→ Data shown
*** Block opens ***

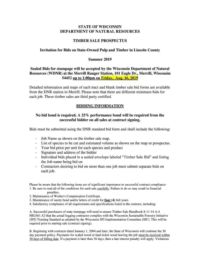 Get the free August 16, 2019 Lincoln County Timber Sale. Timber Sales - dnr wi
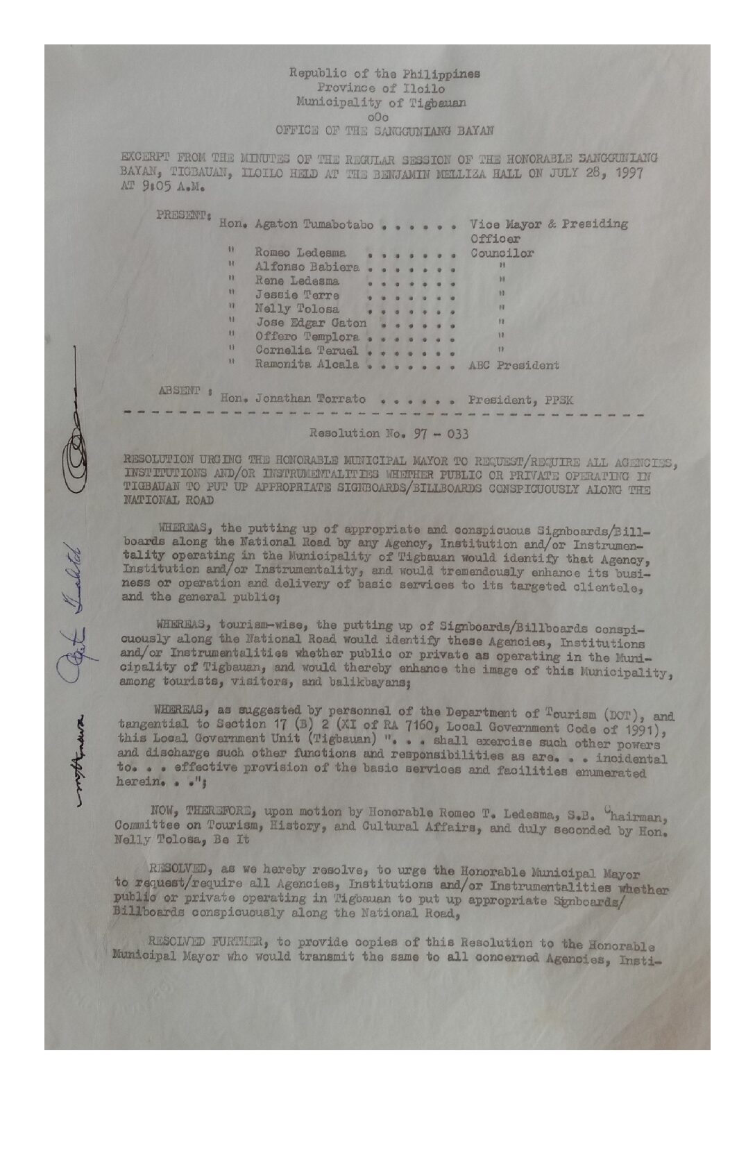 Resolution No. 97-033
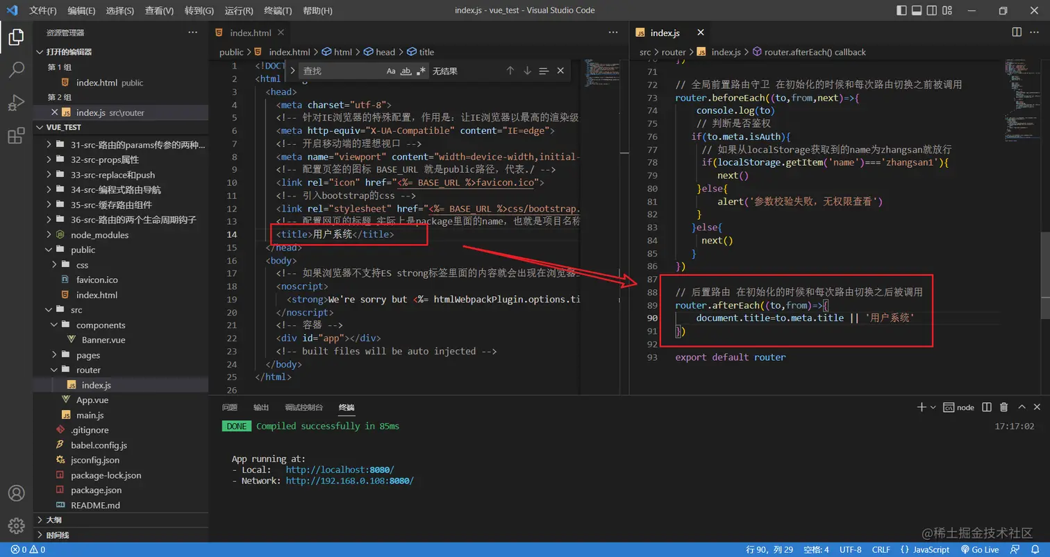 document.title = to.meta.title //修改网页的title
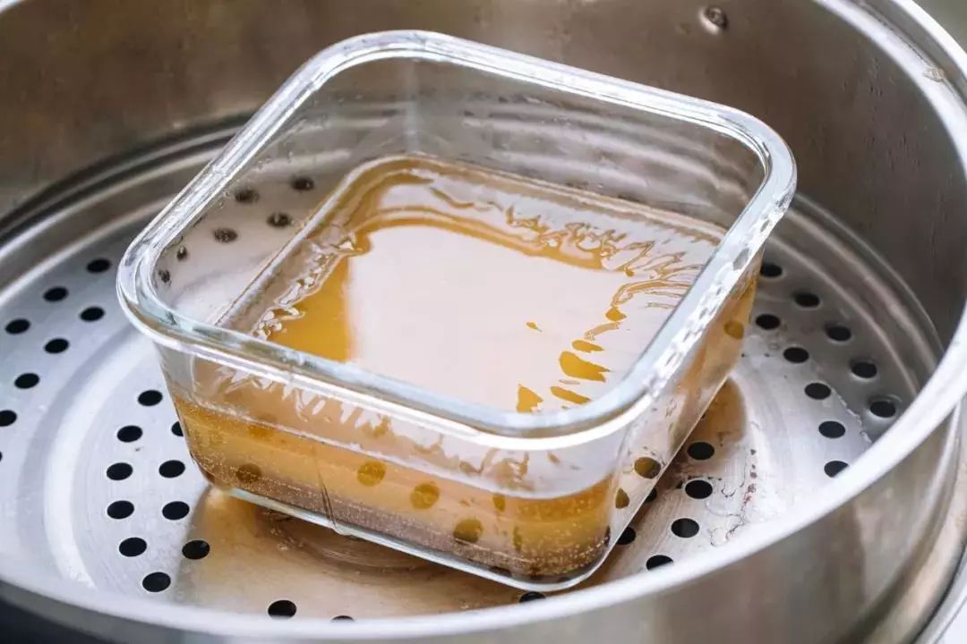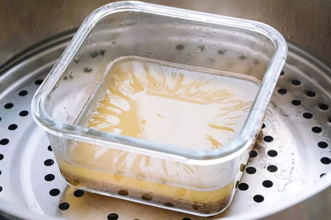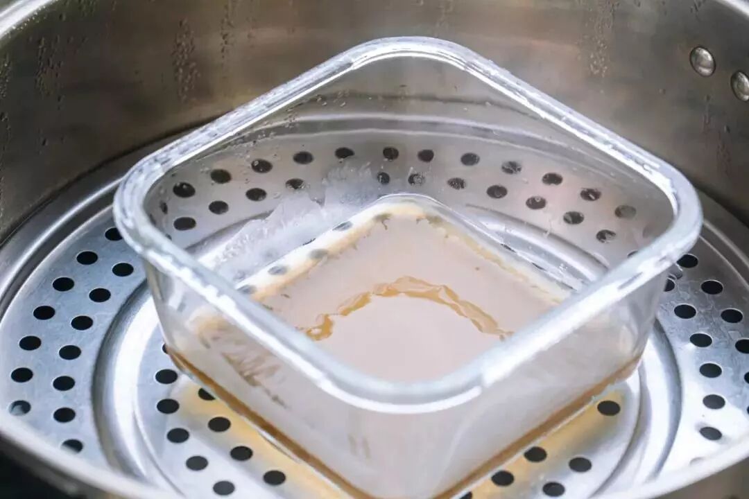 14. 同样用大火蒸3-5分钟,至完全凝固,呈半透明状。
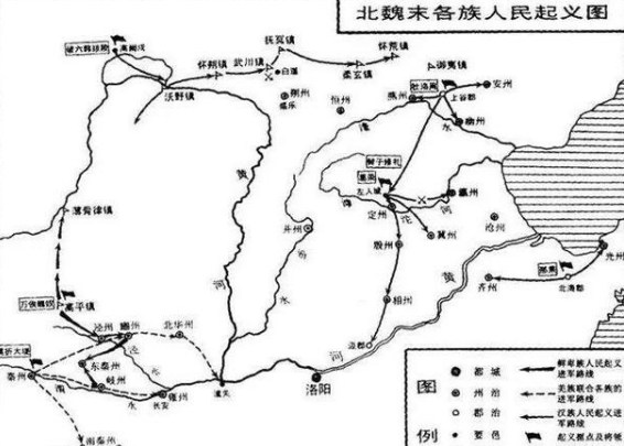 上图_ 六镇之乱,又称六镇起义(沃野镇,怀朔镇,武川镇,抚冥镇,柔玄镇,怀荒镇)

*** Block closes ***

→ Description of the task
Write out all the material above exactly, with no image carried over.

→ Response to this task
 Get the free August 16, 2019 Lincoln County Timber Sale. Timber Sales - dnr wi
 Resolution No. 97-033
 document.title = to.meta.title //修改网页的title
 14. 同样用大火蒸3-5分钟,至完全凝固,呈半透明状。
 上图_ 六镇之乱,又称六镇起义(沃野镇,怀朔镇,武川镇,抚冥镇,柔玄镇,怀荒镇)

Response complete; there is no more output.